Initial spec for the plugin

implements blueprint lma-infra-alerting-plugin Change-Id: I324973840ec2de04ae1514d2eb2c71523d2895dc
2015-06-30 11:24:38 +02:00 · 2015-06-30 11:24:38 +02:00 · ae323992ae
parent 24b12c78cc
commit ae323992ae
1 changed files with 367 additions and 0 deletions
--- a/specs/lma-infra-alerting.rst
+++ b/specs/lma-infra-alerting.rst
@ -0,0 +1,367 @@
+..
+ This work is licensed under a Creative Commons Attribution 3.0 Unported
+ License.
+
+ http://creativecommons.org/licenses/by/3.0/legalcode
+
+=====================================================
+Fuel plugin for the OpenStack Infrastructure Alarming
+=====================================================
+
+
+https://blueprints.launchpad.net/fuel/+spec/lma-infra-alerting-plugin
+
+The `LMA Infrastructure Alerting` plugin is composed of several services
+running on a node (base-os role).
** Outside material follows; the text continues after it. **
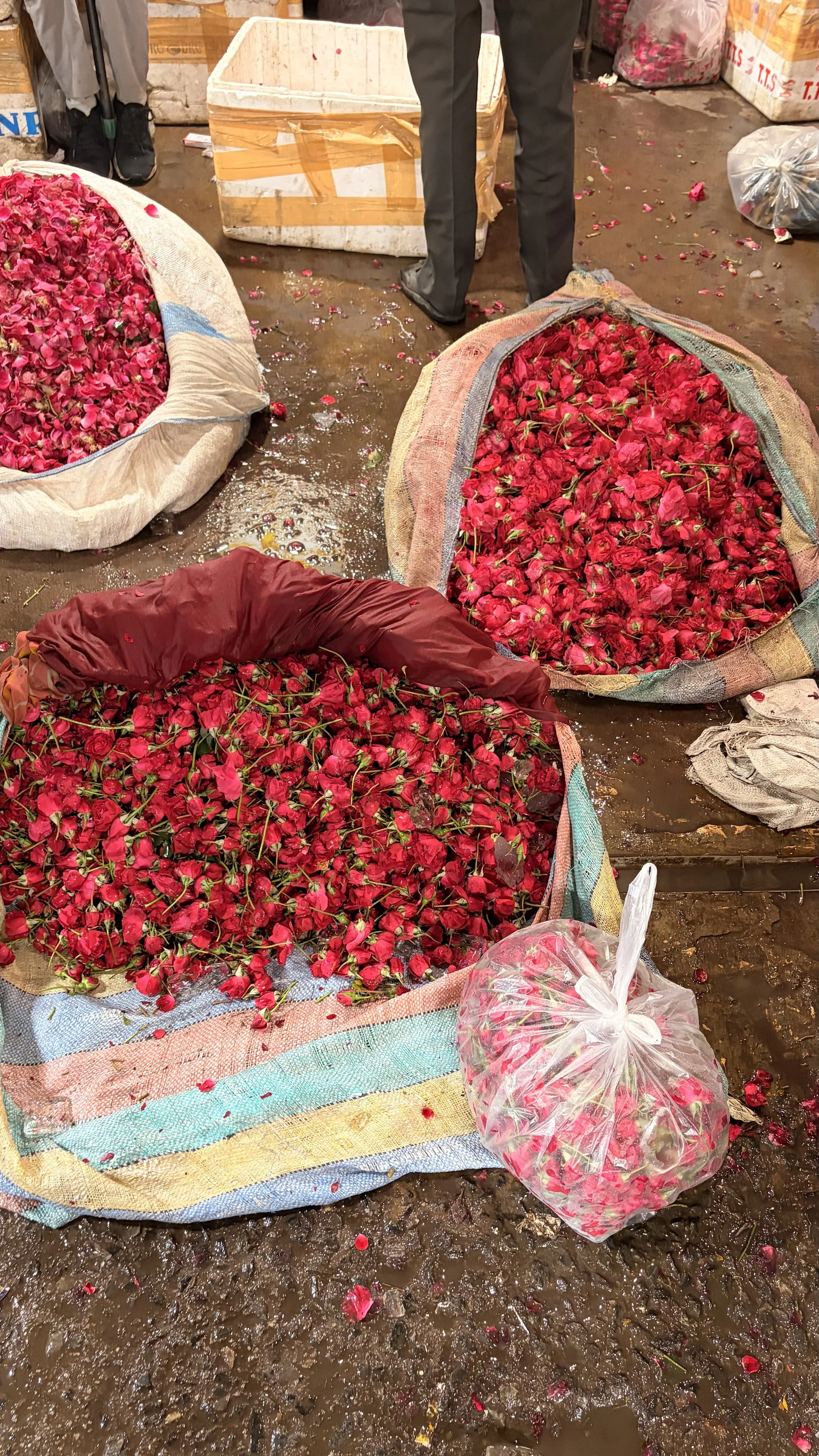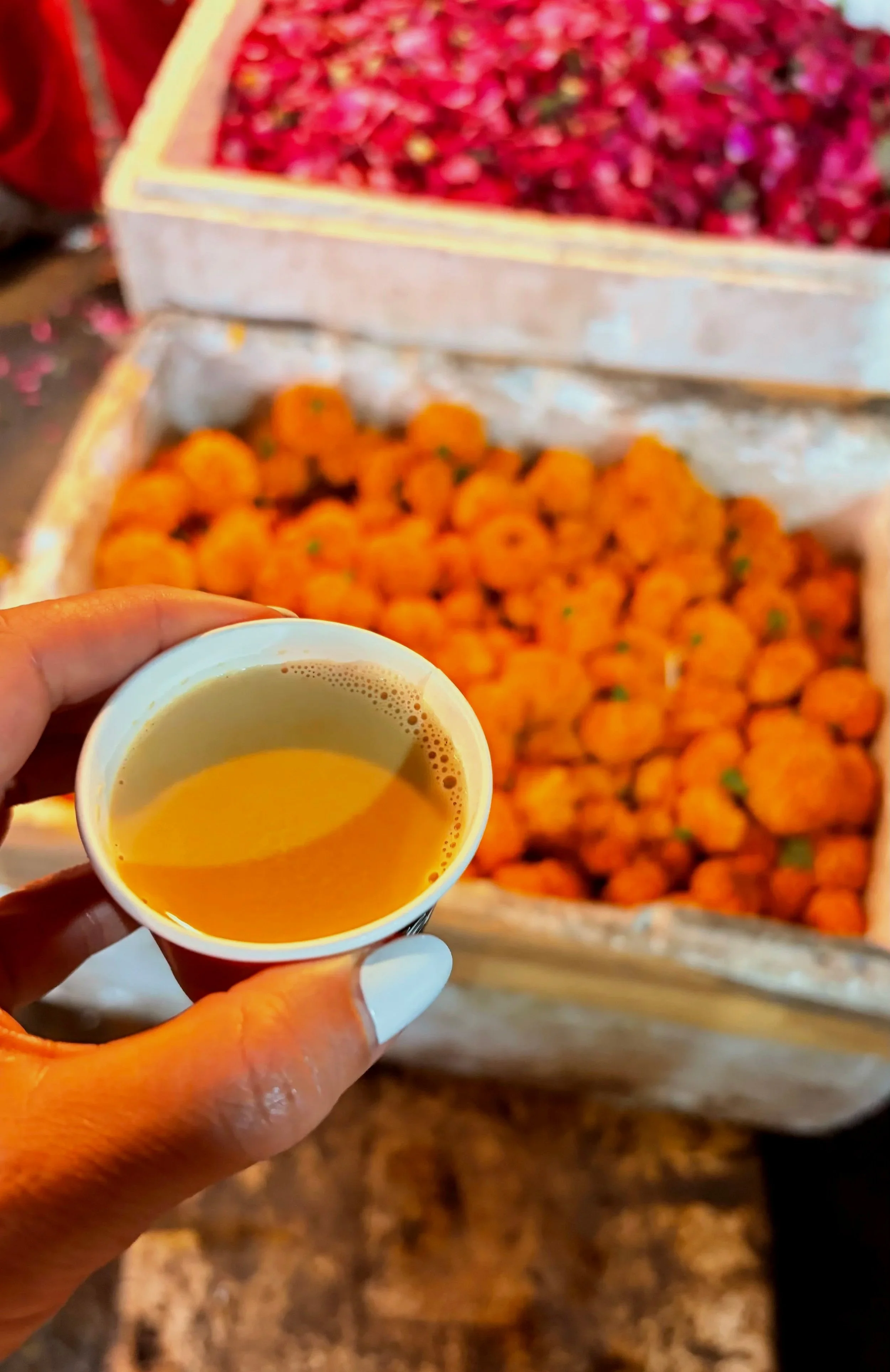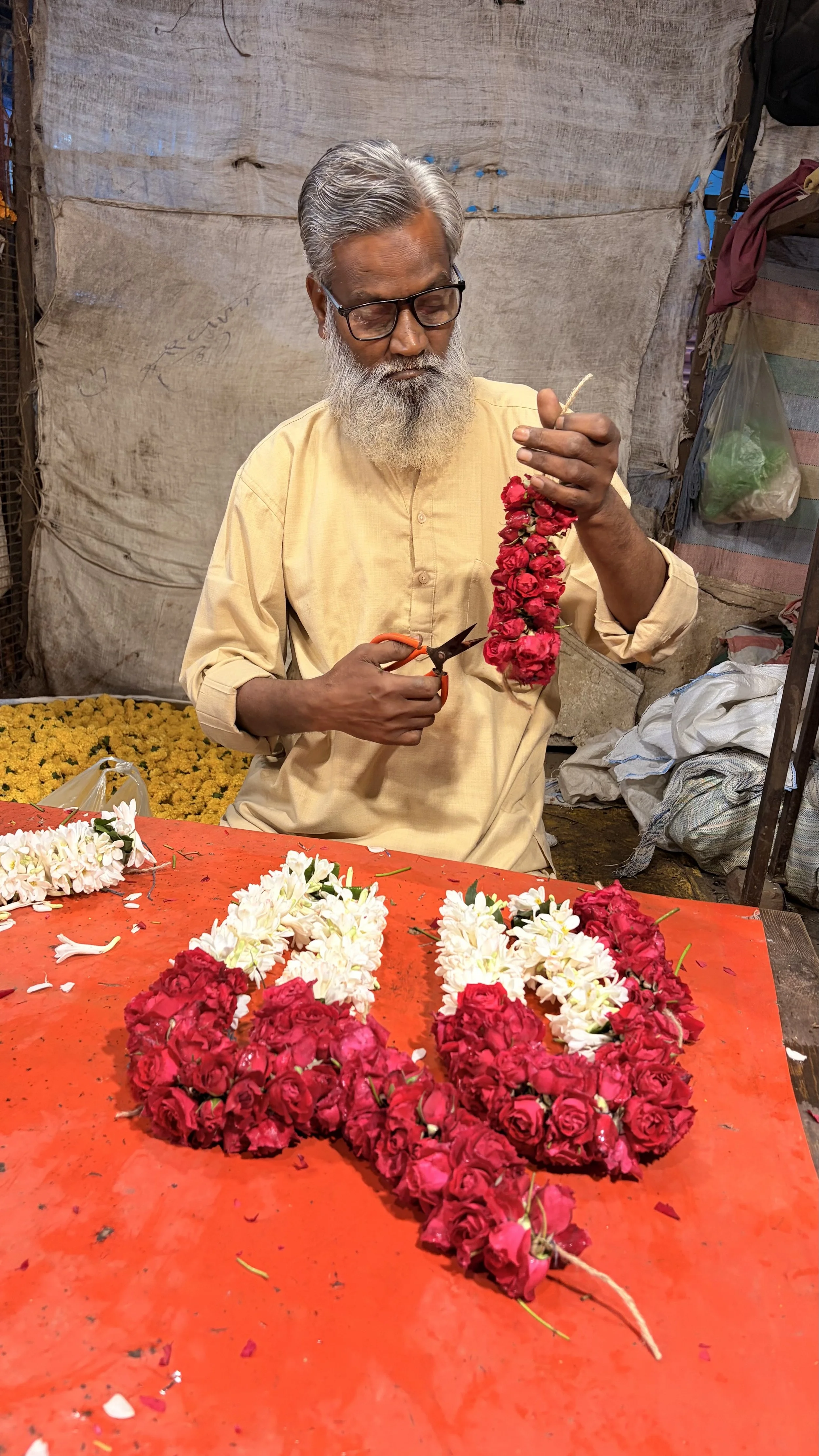Amid this density, small chai stalls appear, preparing tea to individual taste—more sugar, less milk, adjusted in quick exchanges. Close to the temple, garlands for the gods are threaded on the spot, while fresh rose petals are plucked by hand and collected in shallow containers. Ice cubes are scattered over blooms to keep them cool and vibrant. Garlands hang in thick clusters, while the rest lies in heaps or shallow baskets, constantly replenished, mixed, and rearranged. Tuk-tuks and motorbikes pass through the crowd, flower sellers weaving between them, carrying fresh loads balanced in their arms.

It provides alerting functionality for the
+OpenStack Infrastructure inside the `LMA toolchain` [1]_ plugins suite.
+
+
+Problem description
+===================
+
+The current implementation of the `LMA toolchain` [1]_ doesn't provide the
+alerting functionality.
+
+This specification aims to address the following use cases:
+
+* OpenStack operator(s) want to be notified when the status of a component
+  within the infrastructure changes:
+
+  * OpenStack service status has changed (for example OKAY -> FAIL)
+  * Cluster (RabbitMQ, MySQL, ..)  status has changed (for example OKAY -> WARN)
+  * ...
+
+* OpenStack operators want to configure thresholds on the metrics collected by
+  the LMA collector and be notified when a metric crosses its threshold.
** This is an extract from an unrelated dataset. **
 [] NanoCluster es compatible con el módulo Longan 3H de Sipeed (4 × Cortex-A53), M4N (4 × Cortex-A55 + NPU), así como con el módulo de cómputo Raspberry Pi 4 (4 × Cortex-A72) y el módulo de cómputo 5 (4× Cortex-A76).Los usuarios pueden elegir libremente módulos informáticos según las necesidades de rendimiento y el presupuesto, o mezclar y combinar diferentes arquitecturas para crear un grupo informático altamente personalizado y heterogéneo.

+  Operators should be able to configure alarms with their own threshold against
+  any of the available metrics collected by `LMA collector`:
+
+  * Load average is too high on a controller node.
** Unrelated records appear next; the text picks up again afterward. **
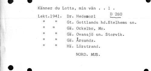 //// Känner du Lotta, min vän . . 1 . //// Lekt.1941. Dr. Hedemorl il^SP //// " " Gt. Gottlands hd.Etelhems sn. //// " " Gä. Ockelbo, Mo. //// ! " Gä. Ovansjö sn. Storvik. //// I " " Gä. Årsunda. //// ' " " Hä. Lörstrand. //// ! ? //// t d< * //// j NORD. MUS. ////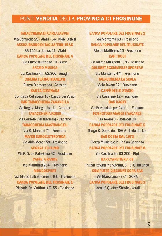 Per prevendite e punti vendita in provincia di Frosinone, potete consultare le pagine della brochure qui sotto.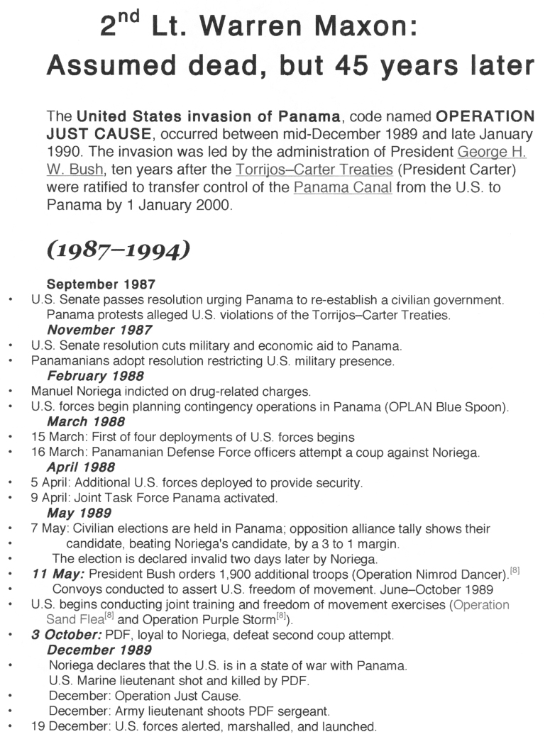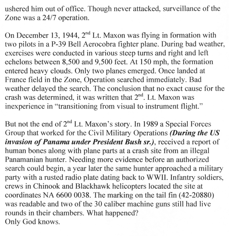 On December 13, 1944, 2nd Lt. Maxon was flying in formation with two pilots in a P-39 Aerobobra fighter plane. During bad weather, exercises were conducted in various steep turns and right and left echelons between 8,500 and 9,500 feet. At 150 mph, the formation entered heavy clouds. Only two planes emerged. Once landed at france field in the Zone, Operation searched immediately. Bad weather delayed the search. The conclusion that no exact cause for the crash was determined, it was written that 2nd Lt. Maxon was inexperienced in "transitioning from visual to instrument flight."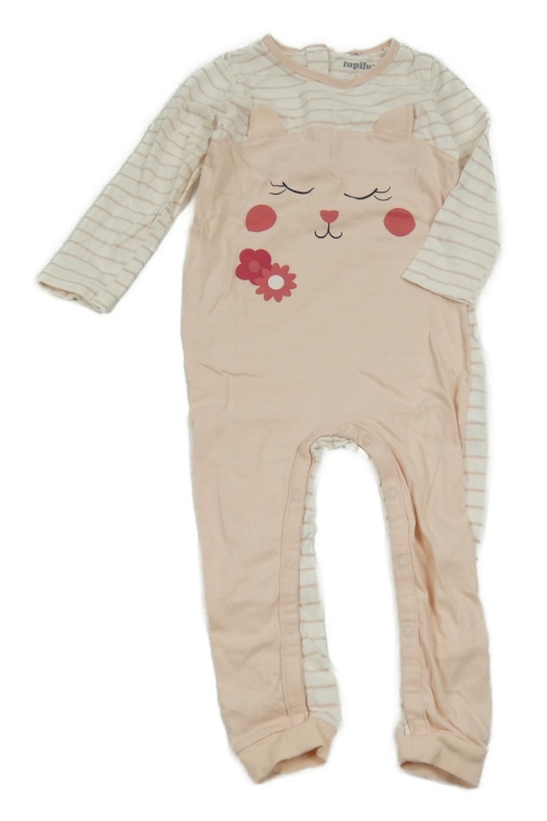 Svetloružová -biely pruhovaný overal s mačičkou Lupilu

+  * File system is nearly full on a node.
+  * CPU usage is too high on a controller node.
+  * ...
+
+Proposed changes
+================
+
+Implement a Fuel plugin that will install and configure the LMA infrastructure
+alerting system for an OpenStack environment.
+
+The initial implementation of this plugin plans to install and configure
+Nagios [2]_ to manage alerts and send notifications to operators by email.
+
+There are two types of alerts which are initially supported:
+
+   * Leverage the service status determinations computed by the `LMA collector`
+     plugins (OKAY, WARN, FAIL, UNKNOWN).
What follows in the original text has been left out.